One thing that I believe Storti could have emphasized more is that of the relationships between expatriates. He did speak to that, but it is important to realize many of the implications that are built into a relationship between expatriates surrounded by a culture and language that is not their own. These are grounds upon which very intimate friendships may be built; however, there are many factors that come into play that one may not expect. Indicated but oftentimes not verbalized in these relationships with other expatriates is the fact that they play many roles in your life and you in theirs: family, friend, co-worker, sometimes house-mate and others.

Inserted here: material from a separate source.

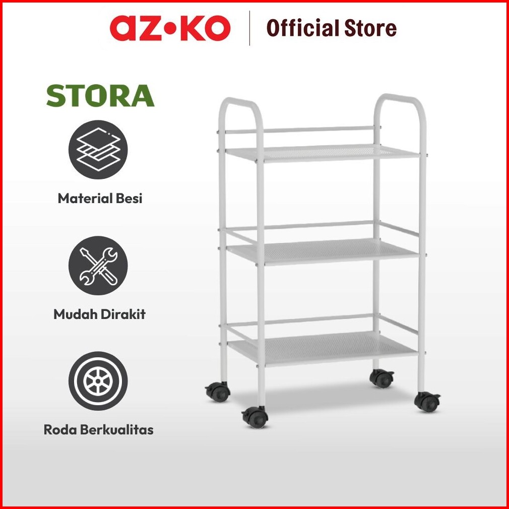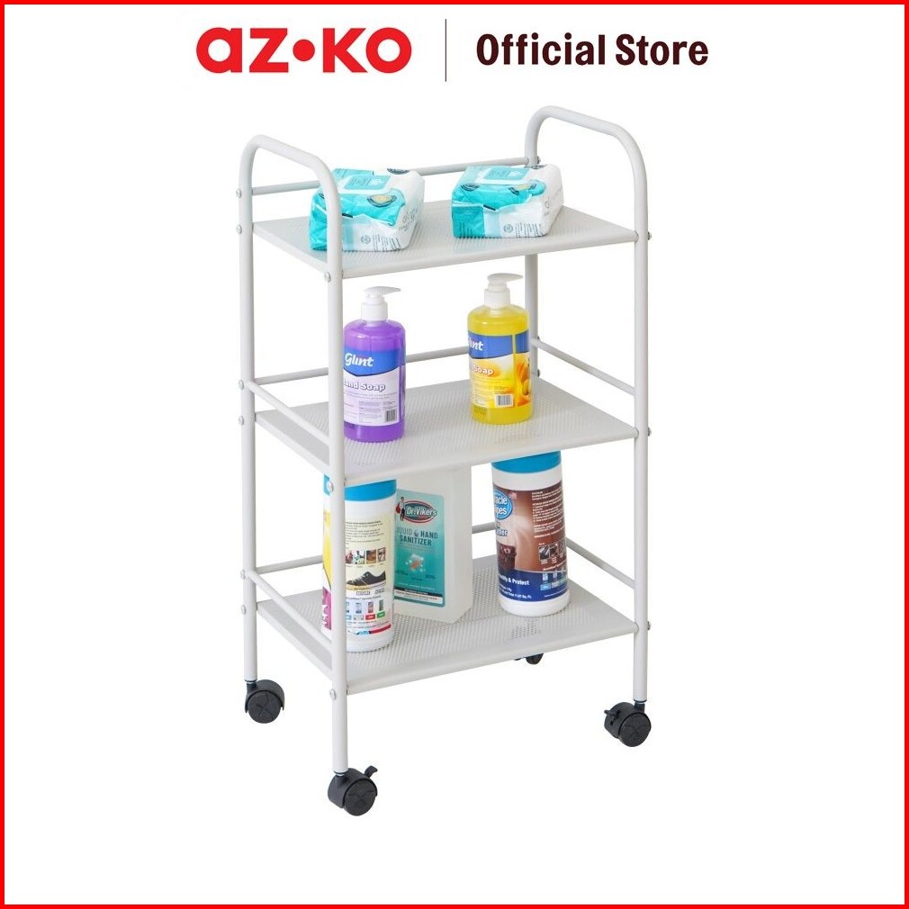 Azko Stora Lyra Rak Troli 3 Tingkat - Putih Organizer Trolley Rak Penyimpanan Rak 3 Susun Roda

It is difficult to live and work with your co-workers and to realize that they are the only ones with whom you can develop a more-than-surface relationship. They become your family and this can be an amazing and gratifying thing. But, have you ever tried to work with your family? It is not an easy task to say the least. In short, Storti’s work would be enhanced with a discussion of the implications and issues with the various roles expatriates play in each others’ lives overseas.

Very helpful and practical is the model of intercultural interaction that unfolds throughout the book. Storti steps the reader through the various stages of interaction and underscores both the incidents that occur and our reactions to such incidents. This could be a helpful tool for expatriates to utilize in evaluating their cultural acclimation and effectiveness in the host culture. Evaluating ourselves and keeping check with the way we are relating to the local people is a good way to be accountable to someone else to. As missionaries, it is important to remember who we are representing—Jesus Christ! This model could also prove helpful in counseling other expatriates through the process of crossing cultures. It might serve as a good exercise for supervising missionaries and new apprentice missionaries to help the new family to adjust more effectively.

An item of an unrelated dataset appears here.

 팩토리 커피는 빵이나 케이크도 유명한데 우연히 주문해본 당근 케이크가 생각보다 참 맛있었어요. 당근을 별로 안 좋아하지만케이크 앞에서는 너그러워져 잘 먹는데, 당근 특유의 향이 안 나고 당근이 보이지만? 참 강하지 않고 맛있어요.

As a seminary student whose coursework reading materials are almost 100% Christian-authored, it was nice to see a secular work that spoke not specifically of expatriate missionaries, but of expatriates in general and still held true in its generalizations. It was also just a good read and would be a good book to refer others to when serving overseas or prior to going overseas. This book could then serve as a link between you—Christian missionary expatriates—and other expatriates in your assigned country. They could see that you are no different than them in many respects. This could then lead to an opportunity to celebrate your similarities and open up an avenue for cordially discussing your differences—i.e. leading to ministry and witnessing opportunities!

In summation, Storti lends the following choice words:

“Becoming culturally effective does not mean becoming a local; it means trying to see the world the way the locals do and trying to imagine how they see you. If you can do that, you will have done all that’s necessary to function overseas. You will still encounter cultural incidents, though far fewer than someone who has not made this effort, but you will have earned the right to be offended…(Storti, p95)”

These are helpful last words for us to consider. They are encouraging inasmuch as they allow us to see that we can effectively cross cultures. We can understand and be understood. There are times when this may seem impossible and so far out of reach, but in addition to Storti’s comments, we also have the hope of Christ in us that spurs us on even more!